1) solve:
a) (2n+1C2) = (nC2)sqaured
b) 12(nC2) = n!
If by nCm you mean combinations of n things taken m at a time, you have a problem:
1C2 = 0
Assuming that is what you meant,
2n + 0 = [n(n-1)/2]^2
8n = n^4 - 2n^3 + n^2
n^4 - 2n^3 + n^2 - 8n = 0
Oops. no integer roots.
For the 2nd one,
12(n)(n-1)/2 = n!
6(n^2-n) = n!
Assume n>= 3
n^2 - n - n!/6 = 0
If n = 5, we have
n^2 - n - 20 = 0
(n-5)(n+4) = 0
so, n=5
12(5*4/2) = 120 = 5!
To solve these equations involving combinations and factorials, we need to use the properties of combinatorics and algebra. Let's break down each question step by step:
a) (2n+1C2) = (nC2)^2
To solve this equation, we will use the combination formula:
nCr = n! / (r!(n-r)!)
Here, n and r are non-negative integers, and n! represents the factorial of n.
First, let's solve the left side of the equation:
(2n+1C2) = (2n+1)! / (2!(2n+1-2)!)
= (2n+1)! / (2! * (2n-1)!)
Next, let's solve the right side of the equation:
(nC2)^2 = (n! / (2!(n-2)!))^2
= (n! / (2!(n-2)!))^2
= (n! / (2! * (n-2)!))^2
= (n! / (2! * (n-2)!))^2
= (n! / 2 * (n-2)!)^2
= (n! / (2n-4)!)^2
Since the left and right sides of the equation are equal, we can equate them:
(2n+1)! / (2! * (2n-1)!) = (n! / (2n-4)!)^2
To simplify further, we can cross-multiply:
(2n+1)! * (2n-4)!^2 = (n!)^2 * (2! * (2n-1)!)

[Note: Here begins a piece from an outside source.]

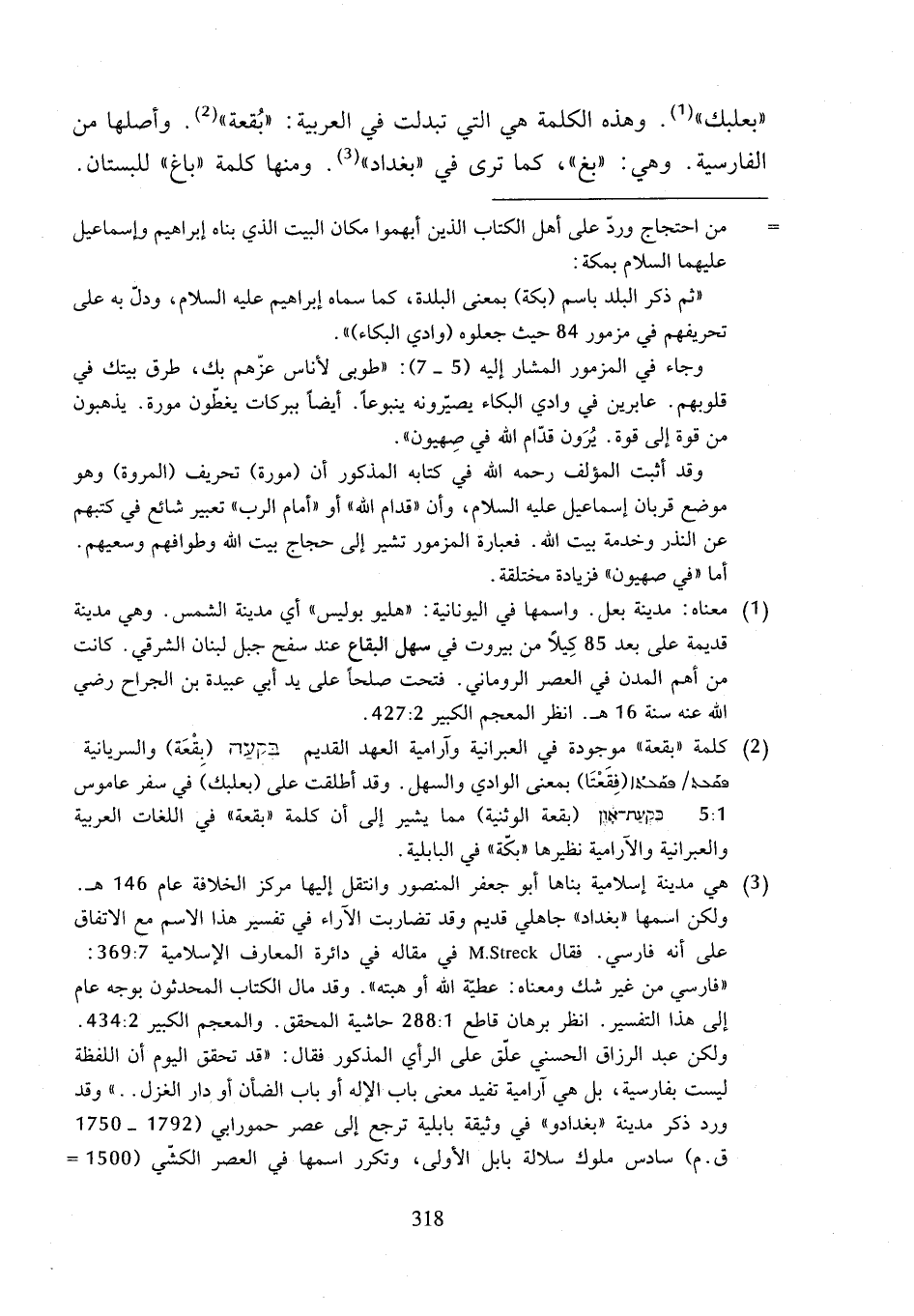 (¬2) كلمة "بقعة" موجودة في العبرانية وآرامية العهد القديم [. . .] (بِقْعَة) والسريانية [. . .] (فِقَعْتَا) بمعنى الوادي والسهل. وقد أطلقت على (بعلبك) في سفر عاموس 1: 5 [. . .] (بقعة الوثنية) مما يشير إلى أن كلمة "بقعة" في اللغات العربية والعبرانية والآرامية نظيرها "بكّة" في البابلية.

We can simplify the factorial terms on both sides of the equation:
(2n+1) * (2n) * (2n-1)! * (2n-4)!^2 = (n!)^2 * 2! * (2n-1)!
Canceling out common terms, we get:
(2n+1) * (2n) * (2n-4)! = (n!) * 2!
Further simplifying:
2n+1 = 2n^2 - 4n + 1
Rearranging the equation, we have:
2n^2 - 4n = 0
Factoring out 2n:
2n(n - 2) = 0
This equation yields two solutions:
1) n = 0
2) n = 2
b) 12(nC2) = n!
Let's use the combination formula to solve this equation:
(nC2) = n! / (2!(n-2)!)
Now, we can rewrite the equation:
12(n! / (2!(n-2)!)) = n!
Simplifying further:
12 * n! / (2!(n-2)!) = n!
After multiplying both sides of the equation by 2!(n-2)!, we have:
12 * n! = n! * (2!(n-2)!)
Canceling out the common factor of n! on both sides:
12 = 2!(n-2)!
Now, we know that 2! = 2, so let's substitute that value:
12 = 2(n-2)!
Divide both sides by 2:
6 = (n-2)!
Since 6 is not a factorial value, there is no integer solution for n in this equation.